Article 2 dives into Limb 2 — how CNI asset operators were caught up in this saga.
Let’s begin, shall we?
A Lot Happened
Mr Cimpanu provided an excellent summary of how this incident-non-incident disrupted the cyber resilience of the operators of CNI assets around the world:
Planes were grounded across several countries, 911 emergency systems went down, hospitals canceled medical procedures, ATMs went offline, stock trading stopped, buses and trains were delayed, ships got stuck in ports, border and customs checks stopped, Windows-based online services went down (eg. ICANN), and there’s even an unconfirmed report that one nuclear facility was affected.
A number of CNI sectors represented right there.
To drive it home (albeit without Andy and Gazey), here’s how US airspace changed.
As part of the disruption of flights around the world, a number of travellers (including fellow Australians) were left stranded. The refund bills awaiting airlines, especially in the US, are eyewatering. Delta Air Lines says the incident-non-incident (‘the CrowdStrike disaster’ as the airline’s counsel calls it) bricked over 37,000 computers and affected over 1.3 million Delta customers.

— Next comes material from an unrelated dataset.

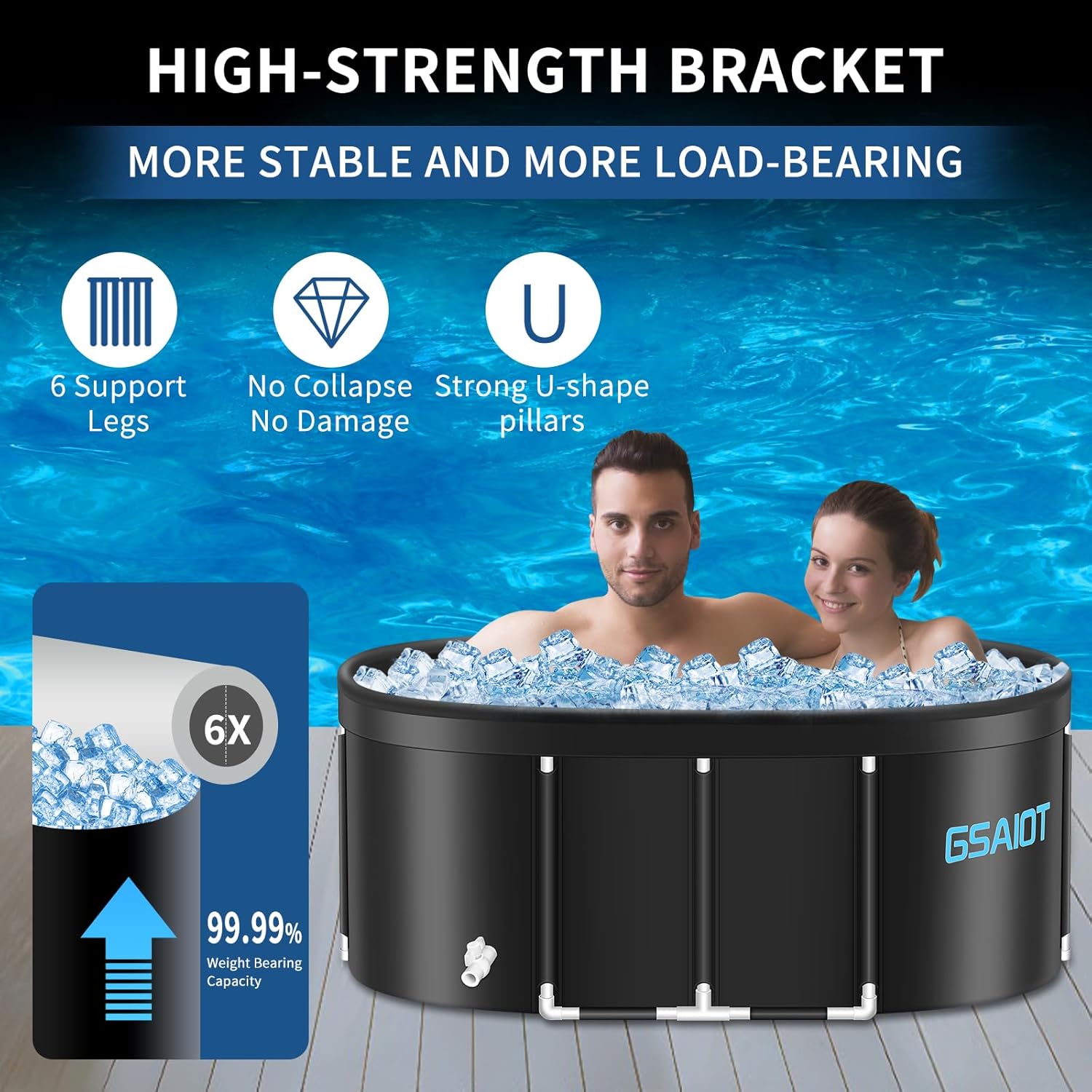 RELIABLE INSULATION: Made of sturdy 6-layer insulation and tear-resistant materials, the cold water bath plunge tub will not crack or bend, and is durable. Excellent insulation allows the ice bath to stay colder longer, whether it is recovery or relaxation, our ice bath tub can provide a safe and durable solution for your therapeutic needs.

UK general practitioners could not access patient EHRs because the relevant SaaS solution was down, forcing the NHS to revert to manual procedures. As if it (and the UK’s national blood supply) already wasn’t under enough stress from the ransomware attack against Synnovis.
(On the nuclear facility stuff, note that the: US Nuclear Regulatory Commission said, ‘U.S. commercial nuclear facilities reported that they are operating safely’; and US National Nuclear Security Administration said around the time of the event that the Department of Energy ‘is working with CrowdStrike, Microsoft, and federal, state, local, and critical infrastructure partners to fully assess and address system outage’, whatever that means.)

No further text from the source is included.